# Newest Guardians!



## redgate (Sep 18, 2008)

Our LGD had her litter this past week. She delivered 8 adorable and healthy pups, and has proven to be a great mother! We are so excited about this. She has proven herself an excellent guardian, but great with people. She's known as a "Colorado Mountain Dog." For more info on that, you can visit our webpage at http://redgatefarmllc.com/livestock_guardian_dogs

Our pups were born in the barn, right beside the chick brooder, so they will literally be raised and trained to livestock from the beginning. Here's a photo for your enjoyment.


----------



## MOSSYNUT (Aug 8, 2014)

redgate those are some good looking dogs you got. I also love the sound of your rabbitat.


----------



## Maura (Jun 6, 2004)

She looks content and proud at the same time.


----------



## motdaugrnds (Jul 3, 2002)

OMG She's the spitting image of my Apache Rose who was the best farm/stock/family dog I ever had. 

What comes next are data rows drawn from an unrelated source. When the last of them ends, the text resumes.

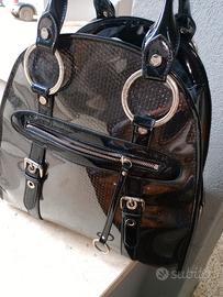 borsa a mano, Braccialini, in vernice nero/argento.
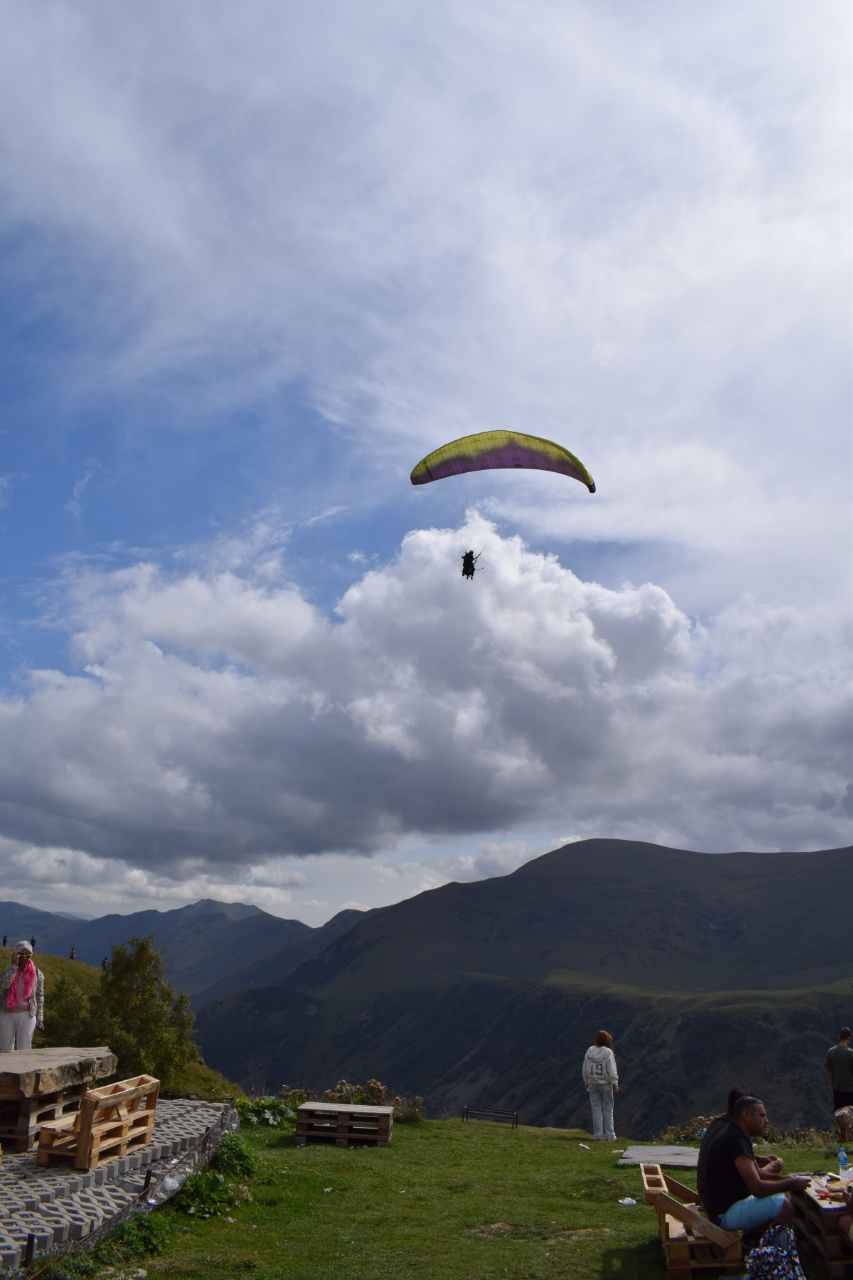 и узкие ущелья, по которым текут быстрые горные ручьи. Прямо под обрывом маленькое изящное круглое озерцо с зеленоватой водой. Зрелище просто фантастичное! А в пяти километрах отсюда на западе находится Южная Осетия, один из отторгнутых у Грузии регионов. За скромные 60 евро можно полетать над этой красотой на параплане (с инструктором, разумеется).
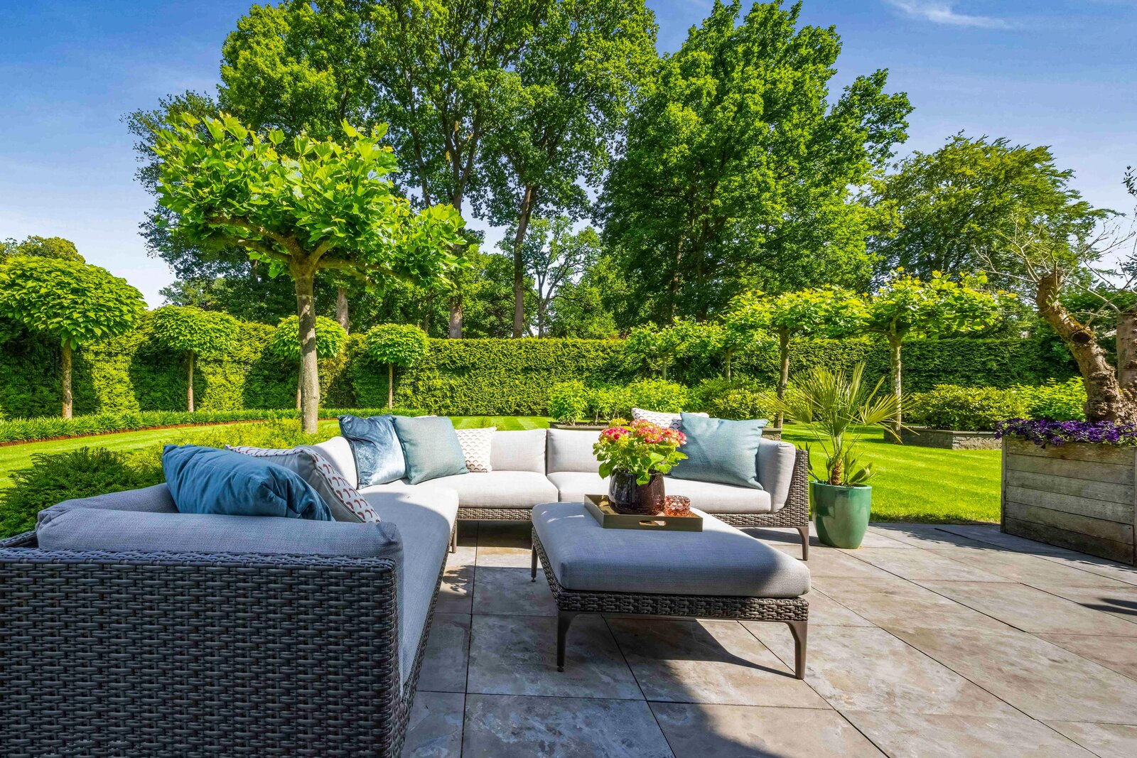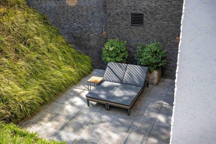 De zuid-tuin is ontworpen voor privacy: lommerrijke borders, meerdere terrassen (ook beschut bij de patio) en een diepe oprit achter de poort. Aan de villa grenst een overdekte veranda; aan de zij- en achterzijde vindt u zonnige plekken gedurende de hele dag.
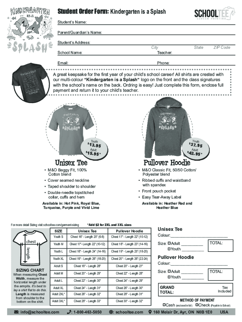 Student Order Form: Kindergarten is a Splash Students Name: Parent/Guardians Name: Students Address: City Teacher:School Name: Email:StateZIP CodePhone:Agreatkeepsakeforthefirstyearofyourchildsschoolcareer!Allshirtsarecrestedwith
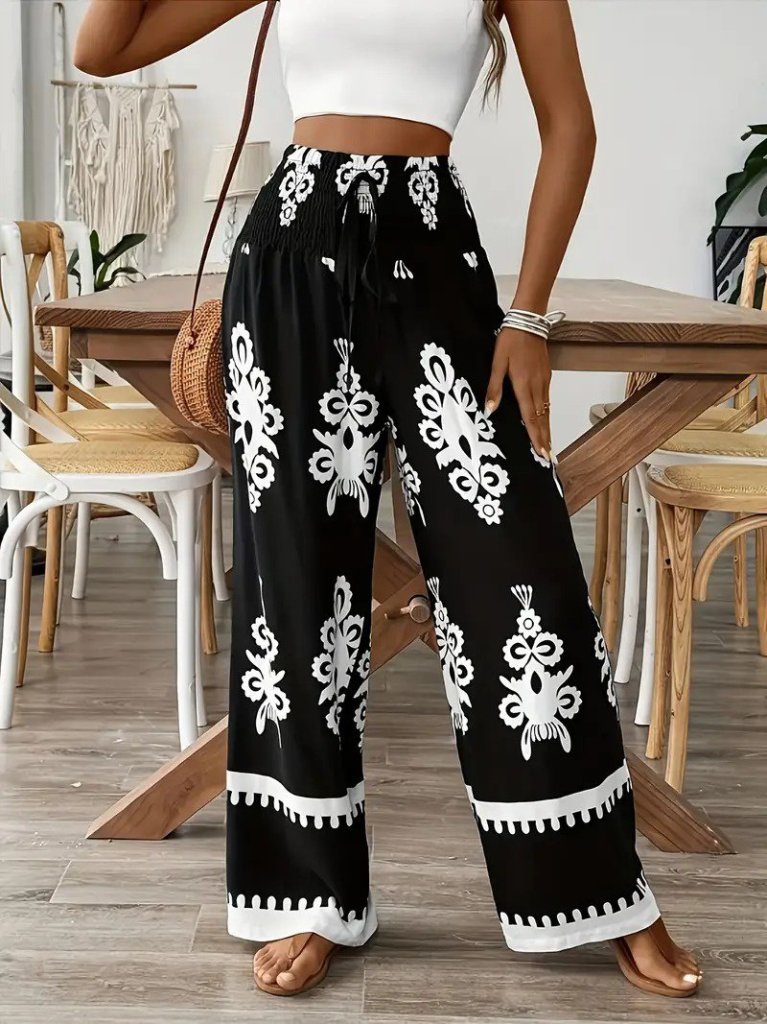 Kadın Yüksek Bel Büzgülü Etnik Desen Baskılı Süprem Pantolon
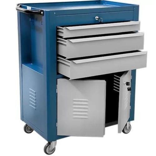 - Pintura eletrostática na cor Azul e Cinza nas Gavetas e portas

Your mother and pups are adorable!!!


----------



## BackfourtyMI. (Sep 3, 2007)

Congrats on the beautiful, healthy pup's.


----------



## aoconnor1 (Jun 19, 2014)

Beautiful pups, congrats!


----------



## aart (Oct 20, 2012)

Why, I do believe this thread needs updated pics ;-)


----------



## hercsmama (Jan 15, 2004)

What adoable pups!
Congratulations to you, and Momma!
I agree, we need more pics...


----------